→ **Work instructions**
Your reply should consist of the entries, copied exactly and stripped of images.
■ ■ ■ ■
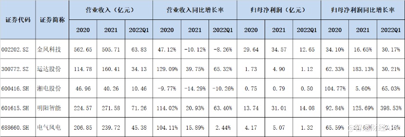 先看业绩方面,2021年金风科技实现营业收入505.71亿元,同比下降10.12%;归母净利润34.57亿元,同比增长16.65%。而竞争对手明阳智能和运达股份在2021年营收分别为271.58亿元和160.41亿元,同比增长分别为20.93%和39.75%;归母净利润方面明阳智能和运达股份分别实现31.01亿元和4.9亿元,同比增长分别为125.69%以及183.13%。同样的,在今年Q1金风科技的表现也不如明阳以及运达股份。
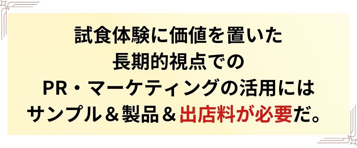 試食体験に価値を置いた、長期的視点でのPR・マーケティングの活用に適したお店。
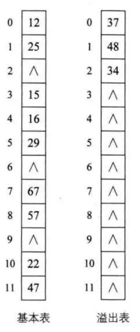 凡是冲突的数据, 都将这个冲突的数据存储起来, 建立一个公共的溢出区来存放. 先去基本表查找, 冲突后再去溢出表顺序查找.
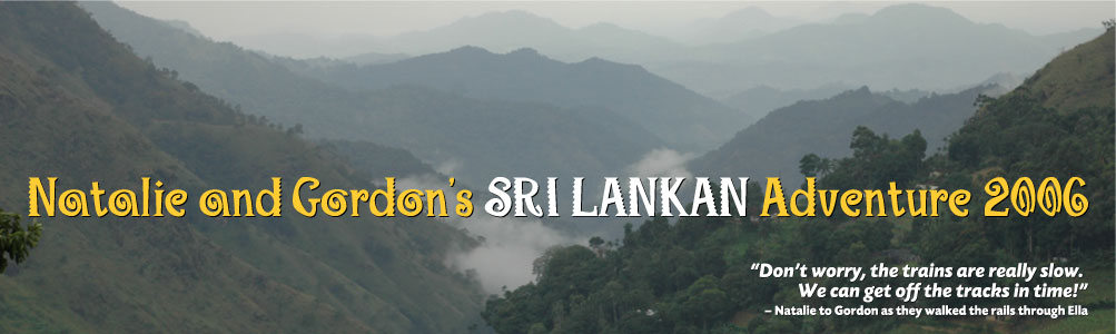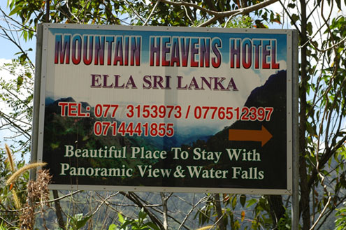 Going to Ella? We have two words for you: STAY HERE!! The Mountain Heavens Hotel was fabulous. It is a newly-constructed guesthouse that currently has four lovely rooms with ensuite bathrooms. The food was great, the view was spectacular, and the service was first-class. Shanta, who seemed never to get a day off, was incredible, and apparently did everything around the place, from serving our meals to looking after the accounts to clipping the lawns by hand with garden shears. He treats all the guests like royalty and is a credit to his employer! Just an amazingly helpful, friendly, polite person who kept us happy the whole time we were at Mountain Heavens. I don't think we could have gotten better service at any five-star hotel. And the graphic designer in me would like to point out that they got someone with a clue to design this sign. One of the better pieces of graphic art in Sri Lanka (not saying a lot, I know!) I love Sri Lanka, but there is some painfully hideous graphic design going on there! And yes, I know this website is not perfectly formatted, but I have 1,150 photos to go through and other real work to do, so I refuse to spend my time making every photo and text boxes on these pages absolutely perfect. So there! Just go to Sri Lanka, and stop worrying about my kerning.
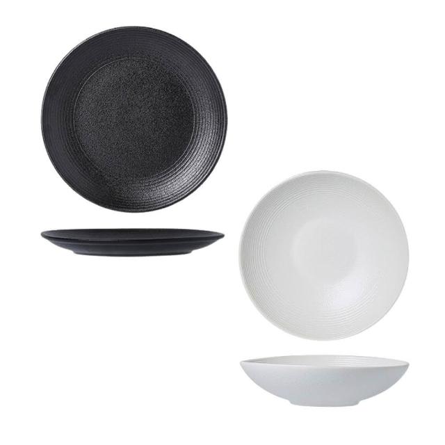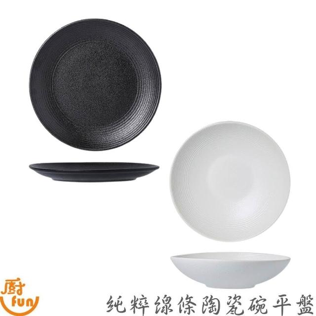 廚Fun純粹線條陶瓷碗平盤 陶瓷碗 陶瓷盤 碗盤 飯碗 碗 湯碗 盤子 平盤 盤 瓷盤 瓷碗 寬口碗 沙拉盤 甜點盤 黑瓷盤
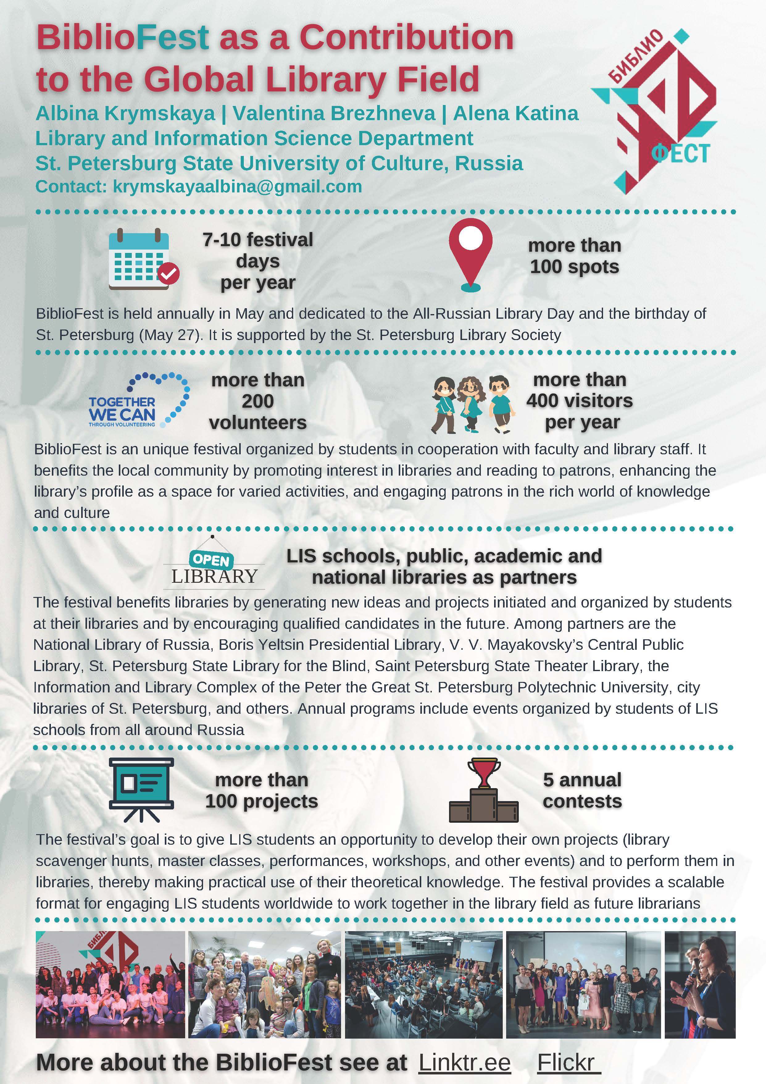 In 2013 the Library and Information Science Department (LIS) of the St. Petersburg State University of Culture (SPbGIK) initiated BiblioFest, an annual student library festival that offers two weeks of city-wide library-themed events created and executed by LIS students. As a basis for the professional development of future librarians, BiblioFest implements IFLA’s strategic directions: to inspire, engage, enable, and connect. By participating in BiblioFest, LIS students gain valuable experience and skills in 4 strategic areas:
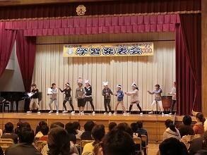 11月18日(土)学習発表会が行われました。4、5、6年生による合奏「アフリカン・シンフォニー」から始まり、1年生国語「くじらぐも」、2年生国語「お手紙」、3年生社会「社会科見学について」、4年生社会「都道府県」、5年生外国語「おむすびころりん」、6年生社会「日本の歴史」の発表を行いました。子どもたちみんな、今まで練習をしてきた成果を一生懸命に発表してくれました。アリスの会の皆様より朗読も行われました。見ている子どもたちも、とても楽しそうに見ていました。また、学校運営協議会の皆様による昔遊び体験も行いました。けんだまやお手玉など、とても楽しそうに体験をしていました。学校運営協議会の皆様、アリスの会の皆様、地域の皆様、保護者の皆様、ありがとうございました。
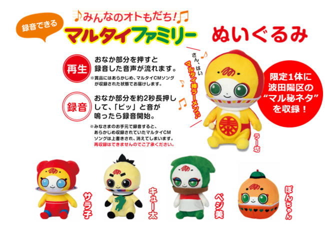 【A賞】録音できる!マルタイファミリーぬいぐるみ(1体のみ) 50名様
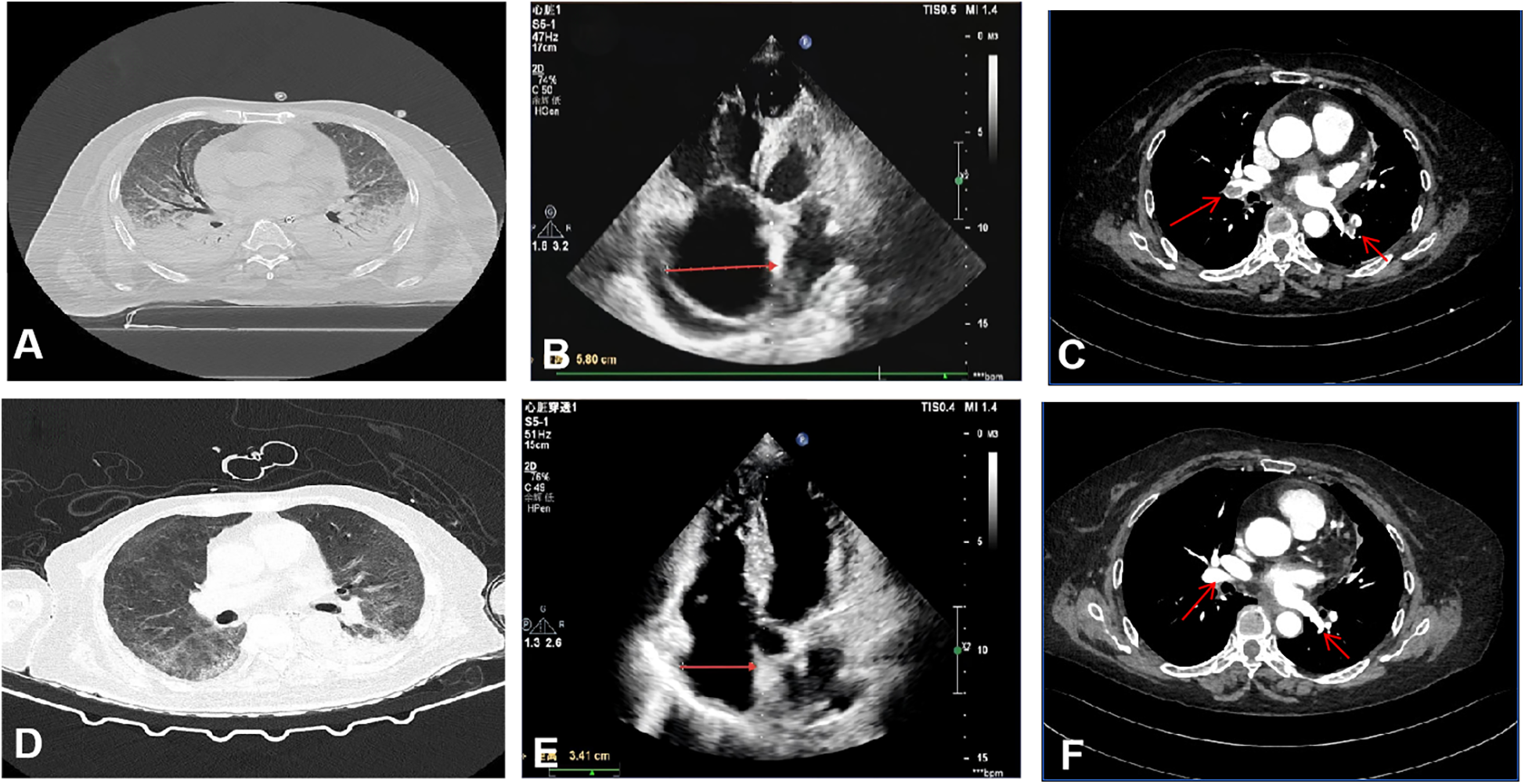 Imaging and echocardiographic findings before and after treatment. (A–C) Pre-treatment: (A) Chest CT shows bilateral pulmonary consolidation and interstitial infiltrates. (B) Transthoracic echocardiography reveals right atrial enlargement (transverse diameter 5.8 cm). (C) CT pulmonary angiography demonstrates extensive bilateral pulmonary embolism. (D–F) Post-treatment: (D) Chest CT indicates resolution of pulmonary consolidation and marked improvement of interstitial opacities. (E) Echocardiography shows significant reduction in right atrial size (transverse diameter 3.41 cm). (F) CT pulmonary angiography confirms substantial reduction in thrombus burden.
■ ■ ■ ■
→ **Result of the task**
 先看业绩方面,2021年金风科技实现营业收入505.71亿元,同比下降10.12%;归母净利润34.57亿元,同比增长16.65%。而竞争对手明阳智能和运达股份在2021年营收分别为271.58亿元和160.41亿元,同比增长分别为20.93%和39.75%;归母净利润方面明阳智能和运达股份分别实现31.01亿元和4.9亿元,同比增长分别为125.69%以及183.13%。同样的,在今年Q1金风科技的表现也不如明阳以及运达股份。
 試食体験に価値を置いた、長期的視点でのPR・マーケティングの活用に適したお店。
 凡是冲突的数据, 都将这个冲突的数据存储起来, 建立一个公共的溢出区来存放. 先去基本表查找, 冲突后再去溢出表顺序查找.
 Going to Ella? We have two words for you: STAY HERE!! The Mountain Heavens Hotel was fabulous. It is a newly-constructed guesthouse that currently has four lovely rooms with ensuite bathrooms. The food was great, the view was spectacular, and the service was first-class. Shanta, who seemed never to get a day off, was incredible, and apparently did everything around the place, from serving our meals to looking after the accounts to clipping the lawns by hand with garden shears. He treats all the guests like royalty and is a credit to his employer! Just an amazingly helpful, friendly, polite person who kept us happy the whole time we were at Mountain Heavens. I don't think we could have gotten better service at any five-star hotel. And the graphic designer in me would like to point out that they got someone with a clue to design this sign. One of the better pieces of graphic art in Sri Lanka (not saying a lot, I know!) I love Sri Lanka, but there is some painfully hideous graphic design going on there! And yes, I know this website is not perfectly formatted, but I have 1,150 photos to go through and other real work to do, so I refuse to spend my time making every photo and text boxes on these pages absolutely perfect. So there! Just go to Sri Lanka, and stop worrying about my kerning.
 廚Fun純粹線條陶瓷碗平盤 陶瓷碗 陶瓷盤 碗盤 飯碗 碗 湯碗 盤子 平盤 盤 瓷盤 瓷碗 寬口碗 沙拉盤 甜點盤 黑瓷盤
 In 2013 the Library and Information Science Department (LIS) of the St. Petersburg State University of Culture (SPbGIK) initiated BiblioFest, an annual student library festival that offers two weeks of city-wide library-themed events created and executed by LIS students. As a basis for the professional development of future librarians, BiblioFest implements IFLA’s strategic directions: to inspire, engage, enable, and connect. By participating in BiblioFest, LIS students gain valuable experience and skills in 4 strategic areas:
 11月18日(土)学習発表会が行われました。4、5、6年生による合奏「アフリカン・シンフォニー」から始まり、1年生国語「くじらぐも」、2年生国語「お手紙」、3年生社会「社会科見学について」、4年生社会「都道府県」、5年生外国語「おむすびころりん」、6年生社会「日本の歴史」の発表を行いました。子どもたちみんな、今まで練習をしてきた成果を一生懸命に発表してくれました。アリスの会の皆様より朗読も行われました。見ている子どもたちも、とても楽しそうに見ていました。また、学校運営協議会の皆様による昔遊び体験も行いました。けんだまやお手玉など、とても楽しそうに体験をしていました。学校運営協議会の皆様、アリスの会の皆様、地域の皆様、保護者の皆様、ありがとうございました。
 【A賞】録音できる!マルタイファミリーぬいぐるみ(1体のみ) 50名様
 Imaging and echocardiographic findings before and after treatment. (A–C) Pre-treatment: (A) Chest CT shows bilateral pulmonary consolidation and interstitial infiltrates. (B) Transthoracic echocardiography reveals right atrial enlargement (transverse diameter 5.8 cm). (C) CT pulmonary angiography demonstrates extensive bilateral pulmonary embolism. (D–F) Post-treatment: (D) Chest CT indicates resolution of pulmonary consolidation and marked improvement of interstitial opacities. (E) Echocardiography shows significant reduction in right atrial size (transverse diameter 3.41 cm). (F) CT pulmonary angiography confirms substantial reduction in thrombus burden.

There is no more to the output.